Tips for the Big Downsizing Move
Unless you have moved frequently over the years for job or other purposes, moving can be stressful. Here are a few tips.
If you are looking at making changes to your new home, whether it is painting or installing new flooring, renovate first! It is much easier to make changes in an empty house. Moving can be challenging enough without having to live in a construction zone for the first few months.
Label! Label! Label!
As you are packing, label each box well. Identify the room where the box should go and what is inside – say “kitchen-blender” or “living room-figurine collection”. Not only will that help movers determine where things should go in the new home, but it will also save countless time in going through boxes to try to find the television remote control (I have been here!) or your bath mat. Labeling also helps in determining which boxes you will want to unpack first and what can wait.
When you were younger, you may have had friends help you move by “bribing” them with pizza and beer. For a major downsize and move, consider hiring professionals. If you do, make sure you get requirements in writing and know what you are paying for. Put every detail in the contract.
Moving Day Emergency Kit
Create a moving day “emergency kit” box for when you get to your new home. Include things like scissors or box openers, toilet paper and paper towels, screwdrivers and a hammer. Also, remember phone chargers. Having paper plates, cups and plastic cutlery is also helpful if your first few meals will be takeout. Having an emergency kit on hand prevents trips to the store or having to frantically open boxes to find what you need.

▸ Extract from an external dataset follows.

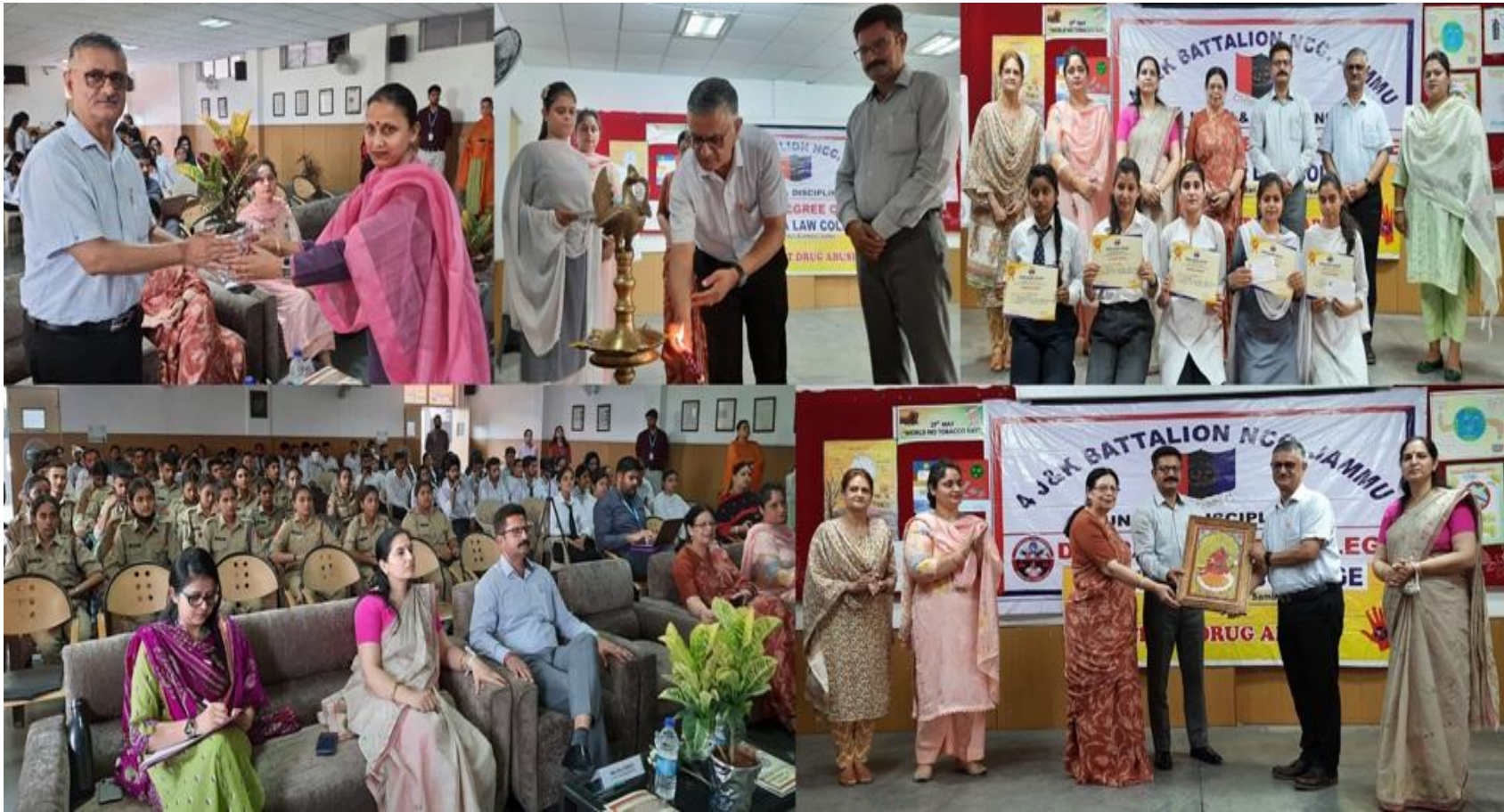
World No Tobacco Day

Downsizing Tips for the New Space
According to HGTV, here are some great downsizing tips for the new space.
Get Creative with Technology
Save space by reducing your technology footprint. Eliminate extra cables by having your printer connect to Wi-Fi instead. Chose a TV that mounts to the wall. Consider replacing your 1980’s stereo system with a portable turntable or download your music to your computer.
Shop for Versatility
Rather than filling a room with smaller pieces of furniture, consider buying one quality “statement” piece. Also, look for furniture that serves dual purposes – for instance a nightstand with open storage that can act as a bookshelves or an ottoman that opens to store blankets. Put a cloth on an old table to give it a fresh look and to give you additional space underneath. Also, invest in items to hang on walls or ceilings to save room.
In a smaller space, every item should have a purpose. According to Mark Dykstra, CPO, President Elect for the National Association of Professional Organizers, “be conscious of what you let into your mind, life and environment and how you choose to spend your time and resources moving forward. This is the secret to feeling and living well.

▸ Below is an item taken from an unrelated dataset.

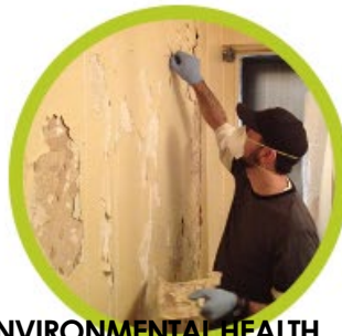
ENVIRONMENTAL HEALTH SERVICES

Experts say the best tip to downsizing in retirement is to acknowledge your feelings and allow yourself to grieve. According to psychiatrist Gary W. Small, “for a large part of our life we are building, creating, amassing. When we are downsizing we are going in the opposite direction. We don’t need as much space; there is an empty next.” Small suggest focusing on what you have to look forward to – new activities, new friends and new places to explore.
“Think of downsizing as an adventure.”